Phillip J. Eby wrote:
> I was thinking of something a bit simpler; the environ key would be an 
> object that, when called, tells the server that it's okay to resume 
> iteration attempts on the application.  A sort of "put me back on the 
> queue for iteration" call.  The callback would have to be safe to call 
> from any thread at any time, and must not re-enter anything, just 
> re-enable iteration.

OK, that makes sense.  So there's something like 
environ['wsgi.server_resume'] in the environment, and the app yields 
something that indicates a pause, then calls that value to undo the pause?

>>> Ideally, this should be done in a way that's easy for middleware to 
>>> handle; a flush signal should be handled by the middleware *and* 
>>> passed up the chain, while any other async signals would be passed 
>>> directly up the chain (unless it's something like "pause for input" 
>>> and the middleware controls the input).
>>> If we do this right, it should be easier to write middleware that 
>>> works correctly with respect to buffering, since the issues of 
>>> flushing and pausing now become explicit rather than implicit.  (This 
>>> should make it easier to teach/learn as well.)
>>
>> In terms of buffering, I can't think of many cases where it would 
>> matter.  Either the middleware passes back the response with no 
>> changes, or it needs to consume the entire response body (and probably 
>> headers and maybe status) to do whatever transformation it needs to do.
>>
>> Things like pauses and async signals would ideally be passed upstream, 
>> but flushes and content would all be consumed by the middleware.
> 
> I can't think of any condition where middleware would *not* pass all of 
> these up to its caller.  In the case of a "flush", it needs to first 
> yield any buffered output, but it *must* still yield the flush.

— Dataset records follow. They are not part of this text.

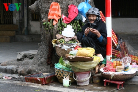 | Die Straßenverkäuferin bietet Pagodenbesuchern typische Dinge für das Tet-Fest wie beispielsweise Betelnüsse und Räucherstäbchen. |
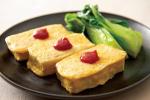 豆腐とはいえ主菜として楽しめる一品。食べ応え充分、お弁当にもぴったりです。ちなみにカルシウムの含有量から見れば、絹ごしより木綿に軍配。
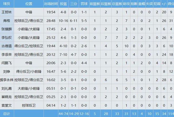 张镇麟面对老东家进攻欲望不强,出手4次中2球得到4分2板3助;曾为辽宁队夺得三冠且是24年FMVP的弗格则是丝毫不留情面,投篮16中10狂轰31分外加7助3断,正负值+26。

Is there any use to this?  If you are transforming output, the flush is 
unlikely to flush anything; all output will be buffered.

> For example, if you're doing server push, then the app should yield a 
> flush prior to each new content boundary.  If the middleware is doing 
> compression or some such, then it needs to restart encoding after each 
> content boundary, as well as flush the prior encoded output.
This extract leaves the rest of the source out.